# Good idea - bad design



## a1Jim (Aug 9, 2008)

Sorry it didn't work out Rich.Thanks for the review.


----------



## richgreer (Dec 25, 2009)

Jim - - I would not say that it "didn't work out". It actually works quite well. My complaint is I don't think I should have needed to make the modification I made to make it work.


----------



## 280305 (Sep 28, 2008)

*Rich* -

You and I seem to have the same collection of Rockler gizmos!

I agree that there should be a way to use it with all common fences. I do not have the problem with my Biesemeyer fence because the faces extend farther back:


----------



## jbertelson (Sep 26, 2009)

My cheapo Vega fence has a microadjuster. But I use it rarely. I just give a tap to the fence. I have a Wixey digital readout for the fence, so I know what is occuring.

OK, the Vega fence is not cheap, but it is not expensive. I am amazed how well it has worked.

Lots of different solutions for the same problem….......precision. A whole topic unto itself.

Rich, you have really been coming up with some good topics….....thanks.

Alaska Jim


----------



## Dusty56 (Apr 20, 2008)

My JET fence has a built-in micro adjuster that is actually quite useless. I've never been able to get it to work smoothly or properly , so I gave up on it.
Thanks for the review on this one , Rich : )


----------



## rikgn (May 18, 2010)

If Rockler had to make their micro adjusters saw/fence specific we probably could not afford to buy them. I have a Vega fence on an old Craftsman, circa 1984, table saw. The micro adjuster with the Vega fence is without a doubt is my favorite table saw accessory. But Good Job Rich, you have probably saved a lot of others from some grief.


----------



## gko (Jul 8, 2009)

Nice review, Rich. A few questions. I gather the device connects to the rail through a magnet. Is there a switch that turns the magnet on and off like the magswitch? It looks like the working end just bumps up against the fence so you if you want to pull back the fence you push it up against it? Is there any problems with play? I think I have the same fence so you drilled two holes and ran the screw into the wood block? Could it be done with one hole?

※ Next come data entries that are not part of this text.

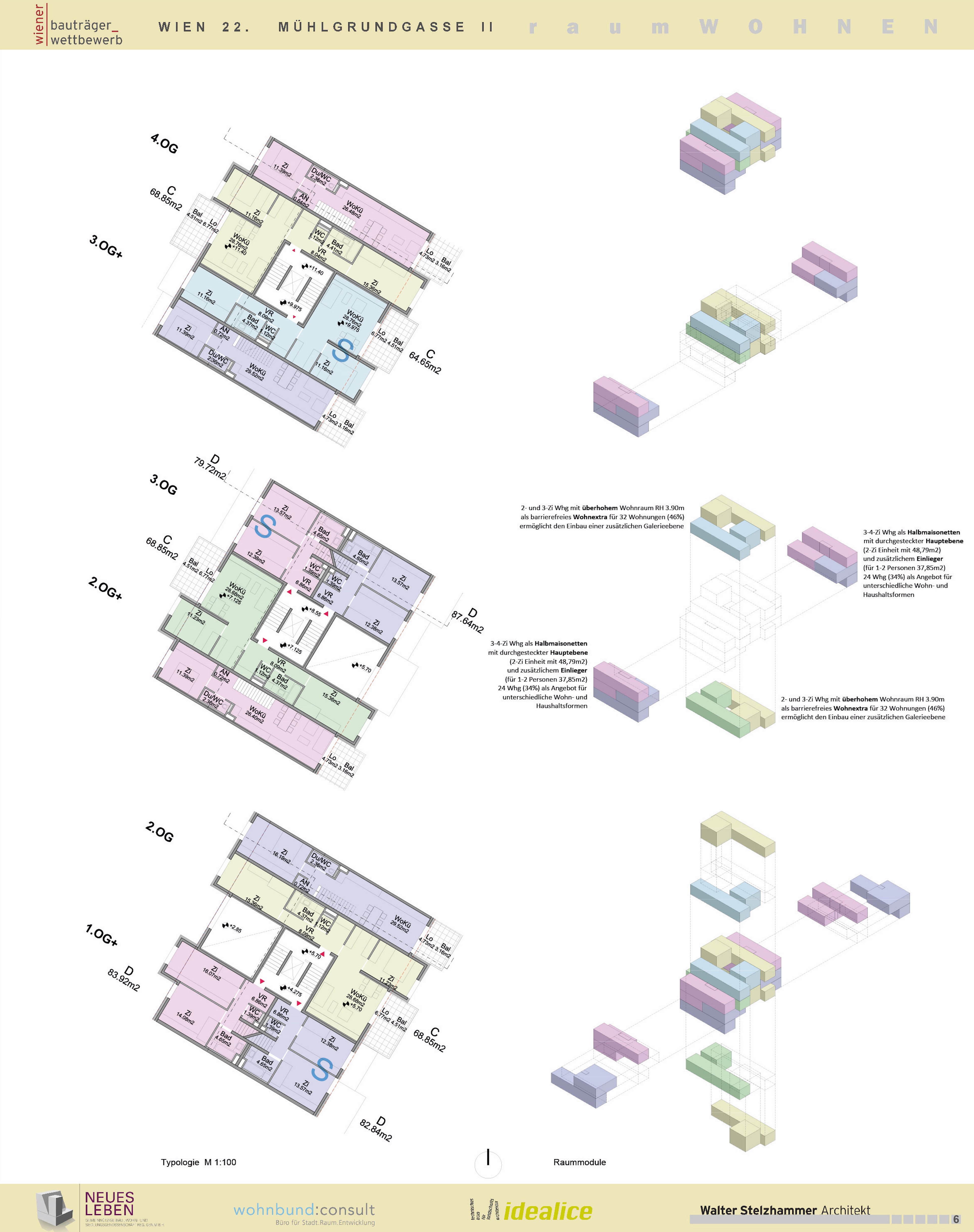 Das Projekt “raumWOHNEN” in der Konstanziagasse 2-8 in Wien, 22. ist das Ergebnis eines gewonnenen Bauträgerwettbewerbs im Team mit Neues Leben, Architekturbüro Walter Stelzhammer und idealice Landschaftsarchitektur. Es versucht einen wohn-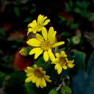 ツワブキの花がようやく咲き始めました😉 夕方に撮ったら、黄色が一際目立った😅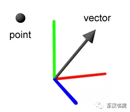 在这里,一个点表示的是三维空间中的位置。一个向量则通常表示的是一个三维空间中的方向。向量可以想象成为一个指向任意方向的箭头。三维的点和向量当然会有相似的地方,那就是他们都可以表示成三个数字组成的一组数据: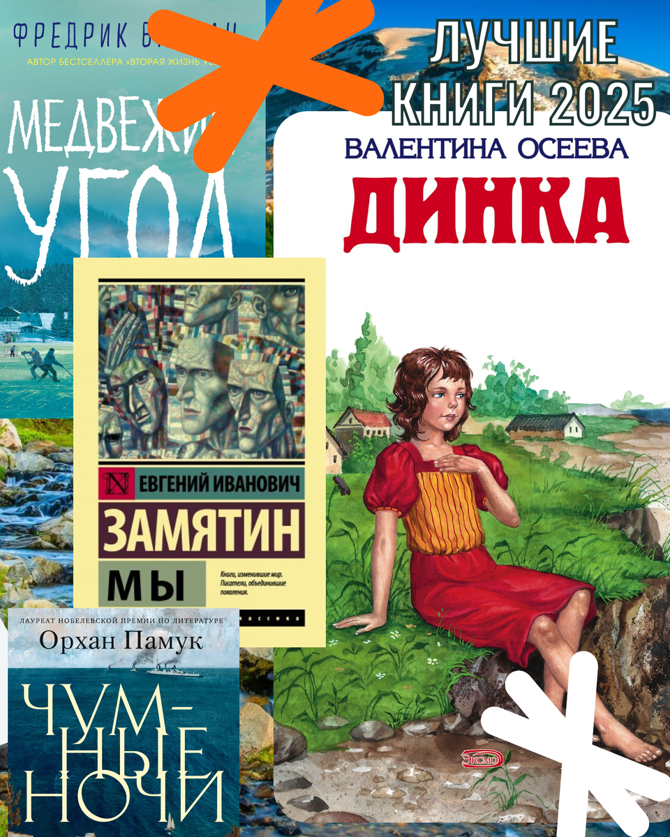 ЛУЧШИЕ КНИГИ 2025 По традиции, уже который раз говорю о лучших книгах моего прошлого читательского года. На этот раз четверка лидеров выглядит так. 1. Фредрик Бакман, Медвежий угол. Книга, с которой я начала знакомство с Бакманом в прошлом году и прочитала у него аж 4 романа. Это внушительно, потому что я редко читаю одних и тех же авторов в таком количестве. К сожалению, Бакман сейчас изымается из библиотек, а на лайвлибе одну из моих рецензий на него скрыли из обзора. Причина: наличие в книге лгбт тематики. Но данный роман неплохо было бы почитать подросткам. Он о жестокости, о гормональных всплесках, о первой любви и о взаимоотношениях с родителями. Я долго ходила под впечатлением. 2. Евгений Замятин, Мы. Книга вошла в лучшее прочитанное года случайно, если честно. Она зацепила меня не столько слогом - читать её было сложно, сколько проблематикой. Я люблю антиутопии. И идея общества, построенного на четких рамках, меня всегда интересовала. А Замятин - один из первых, кто её описал.

I generally do the bump or tap thing and usually I can quickly get it there. Always wondered about adding something like this but not sure if I want to set it up every time I need a tiny adjustment.

Again, thanks for bringing this to us.

Grant


----------



## DocSavage45 (Aug 14, 2010)

I really have recently learned to "sneak up on it." Didn't realize how precise we have to be when building a box. LOL Also realizing that I have to slow down. Microadjust!

Thanks!


----------



## richgreer (Dec 25, 2009)

rikgn - I think all Rockler needs to do to make this tool compatible with more table saws is to use a longer screw.

gko - Yes, the tool is attached to the rail with magnets and they are not magna switches. The magnets are strong enough to securely hold the tool in place but not so strong that you cannot remove it fairly easily.

Yes, the tool only pushes. If you want to pull it back, you have to turn back the handle and push the fence back. I don't see that as a big deal.

I've not detected any problem with play.

I don't know what they are called, but I'm sure you are familiar with a piece if metal that has wood screw threads at one end and bolt threads at the other. That is what I used to secure the block in place. It was too long to avoid drilling that extra hole. If I had driven it in far enough to avoid drilling that second hole, the screw threads would have popped out of the end of the block. You could avoid drilling the second hole, if you could find a shorter bolt/screw.

My tool has a "home" at the end of the rail where it is out of the way most of the time. It only takes a couple of seconds to put it into position.


----------



## ChunkyC (Jun 28, 2009)

How well does the magnets hold? I've looked at these style of micro adjusters in the past but I wasn't sure if the magnets would be strong enough to hold while moving the fence.

c


----------



## richgreer (Dec 25, 2009)

I've never had a problem with the magnets slipping. As I said in my last comment, "The magnets are strong enough to securely hold the tool in place but not so strong that you cannot remove it fairly easily".


----------



## TheDane (May 15, 2008)

Rich-"... a piece if metal that has wood screw threads at one end and bolt threads at the other."

I think what you are referring to is a hanger bolt.

-Gerry


----------



## richgreer (Dec 25, 2009)

I'm sure you are right. Thanks Dane.


----------